I have a system of two modular congruences:
$x \equiv k \bmod{m}$
and
$x \equiv 0 \bmod{23}$
Where $k$ and $m$ are known quantities and I want to find $x$. I'm at a loss as to whether or not there's a closed form for this, and even if I find this value of $x$, how do I know what the next workable value of $x$ is? Would it be $x$, $x + 23m$, $x + 46m$, $x + 69m$, etc? Or is it multiples of $\text{lcm}(23, m)$?

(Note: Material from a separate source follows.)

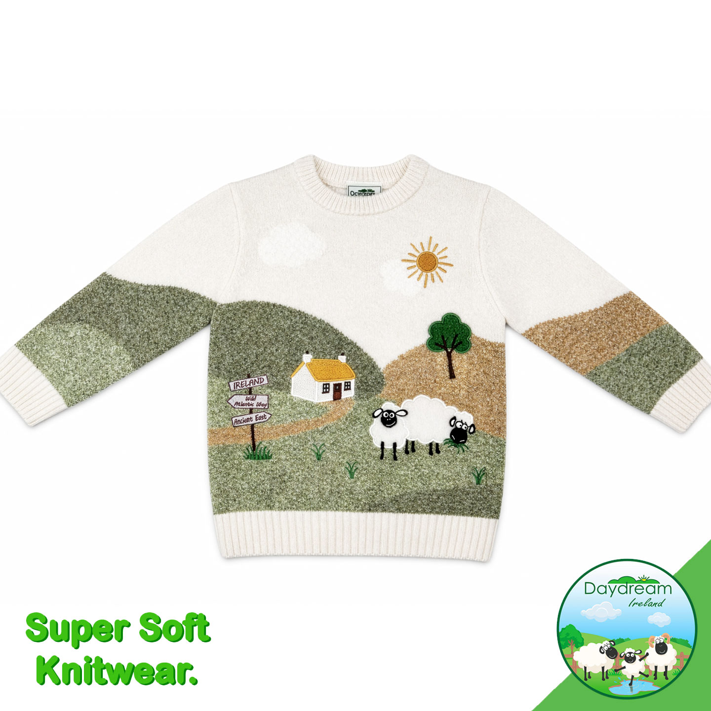 Playful kid’s jumper with scenic view of the Irish countryside and sheep. Nice embroidery detail.
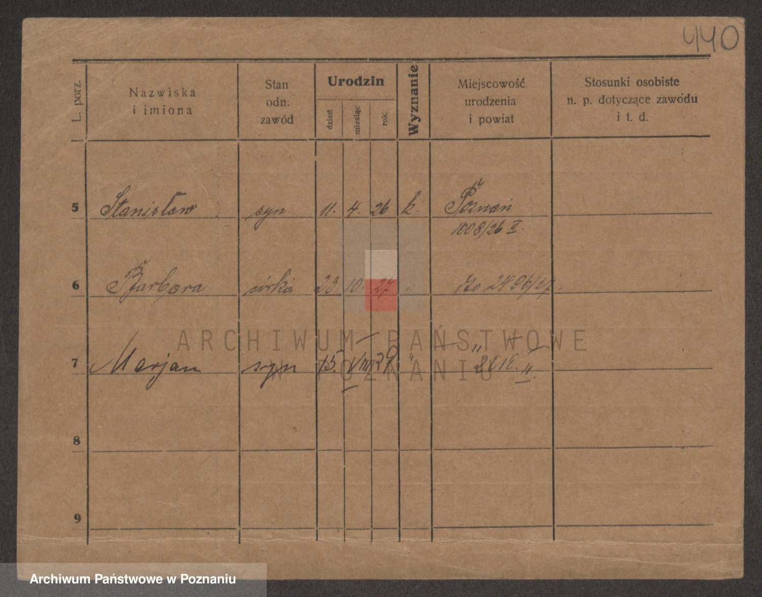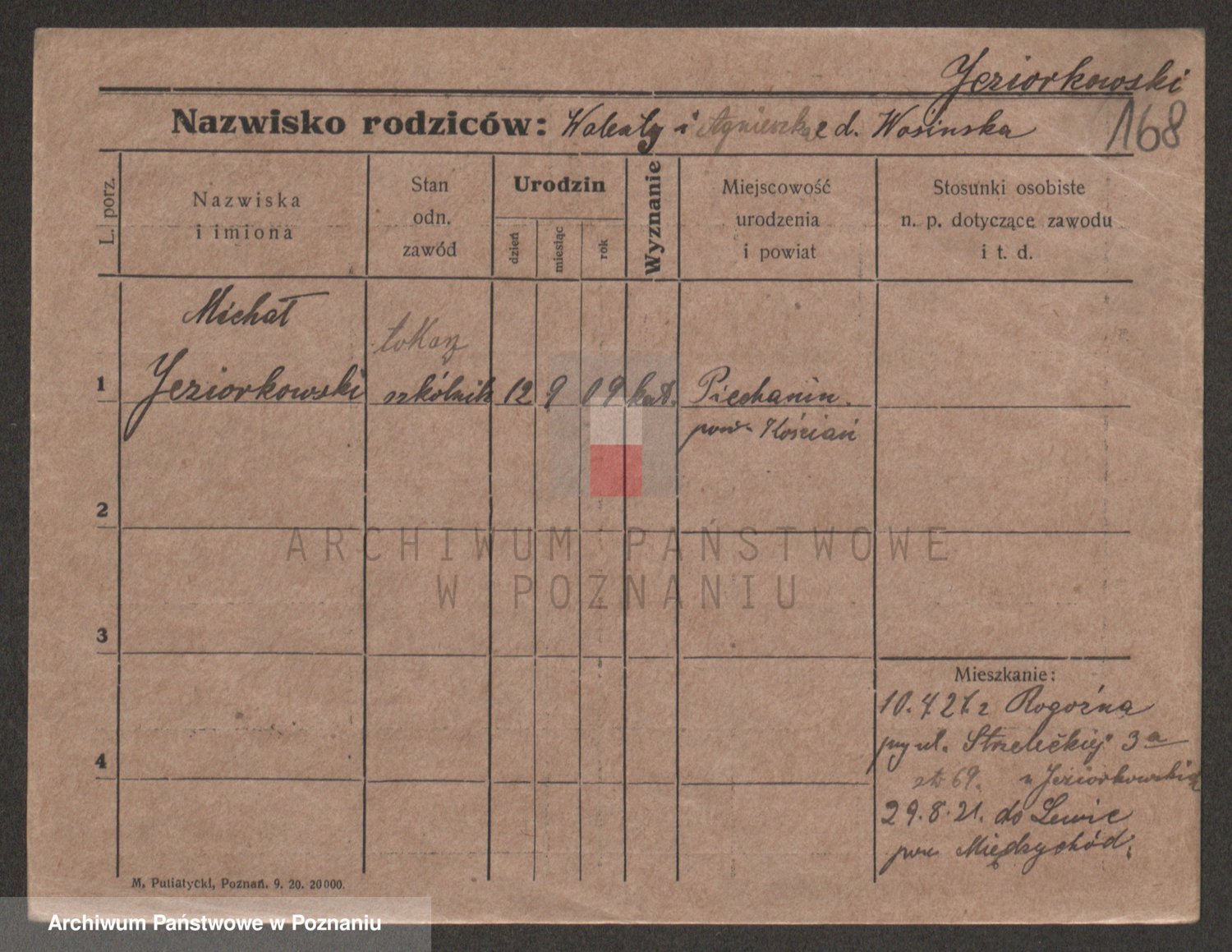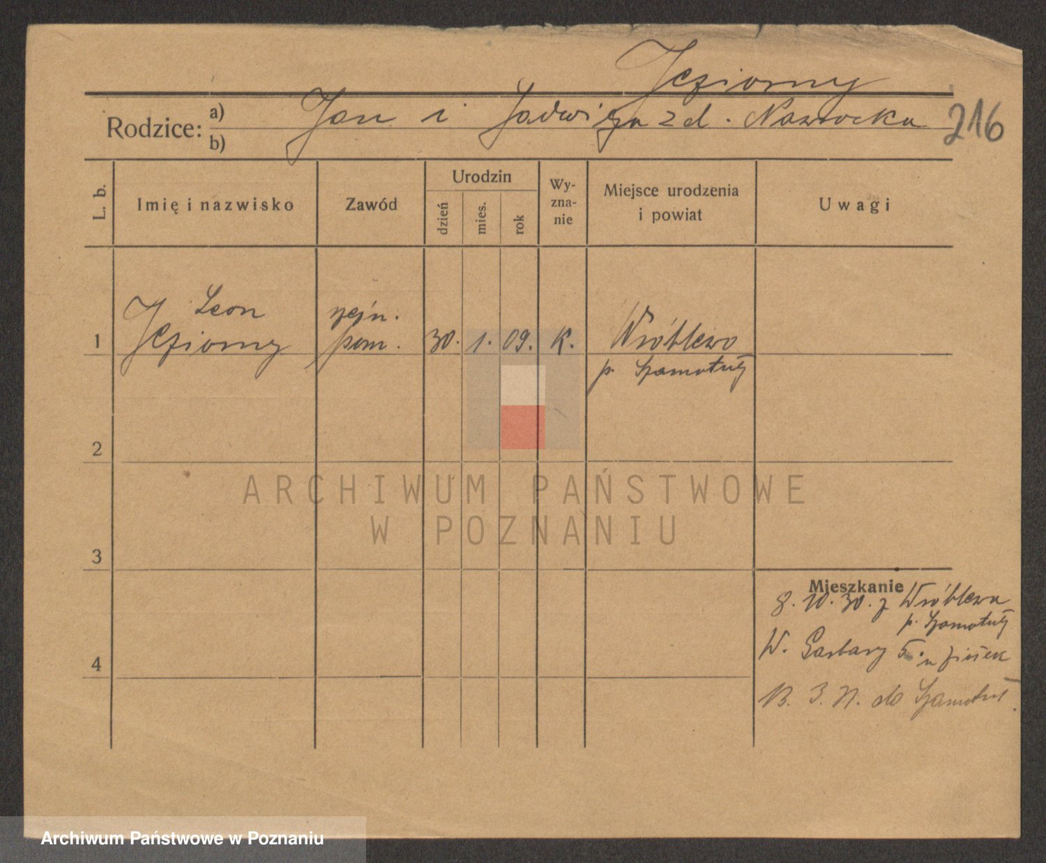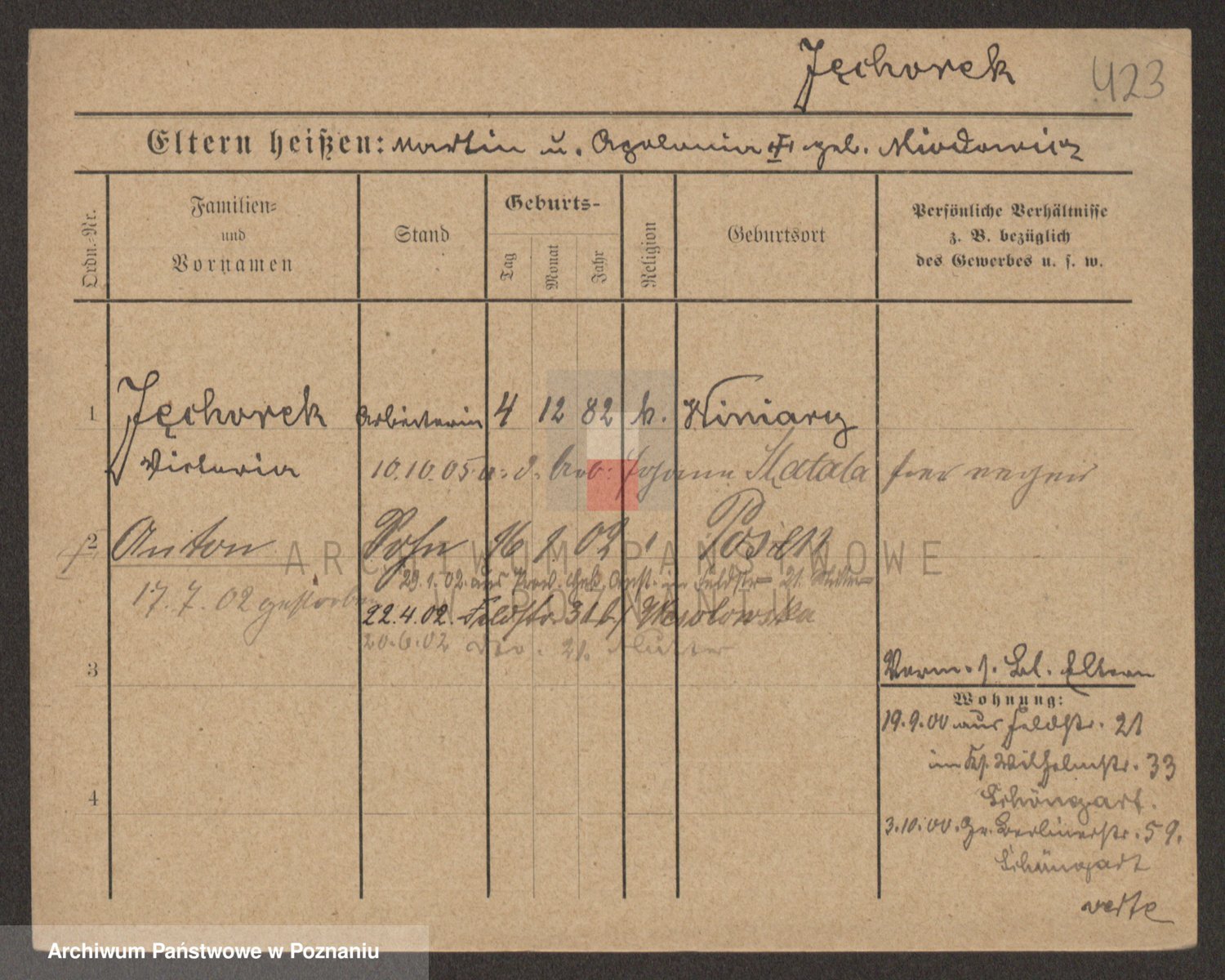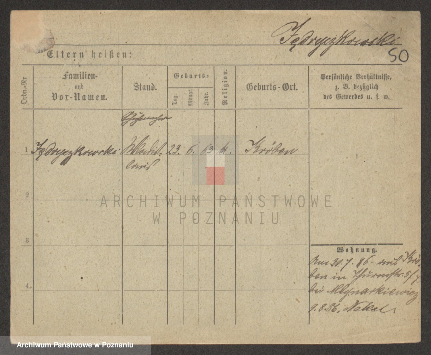 Podgląd karty osobowej dostępny jest po kliknięciu na nazwisko lub ikonkę karty. Można dokonywać powiększenia (ikony na górze) lub przechodzić między kolejnymi skanami (strzałki po bokach).

By the Chinese Remainder Theorem we can show that
$\ \ x\, \equiv\, 23(k\cdot 23^{-1}\bmod m)\,\ \pmod{\!23m}\ \ \ {\rm if}\ \ \ 23\nmid m$
$\ \ x\, \equiv\, 23(k/23\bmod m/23)\ \ \ \ \,\pmod{\!m}\ \ \ {\rm if}\ \ \ 23\mid m,k$
$\ \ x\,$ fails to exist $ $ (i.e. no solution exists) $\ \ \ \ \ \ \ {\rm if}\ \ \ 23\mid m,\ 23\nmid k$
Remark $ $ We can unify all cases by using general modular fractions, yielding
$\ \ x\, \equiv\, 23\left(\dfrac{k}{23}\bmod m\right)$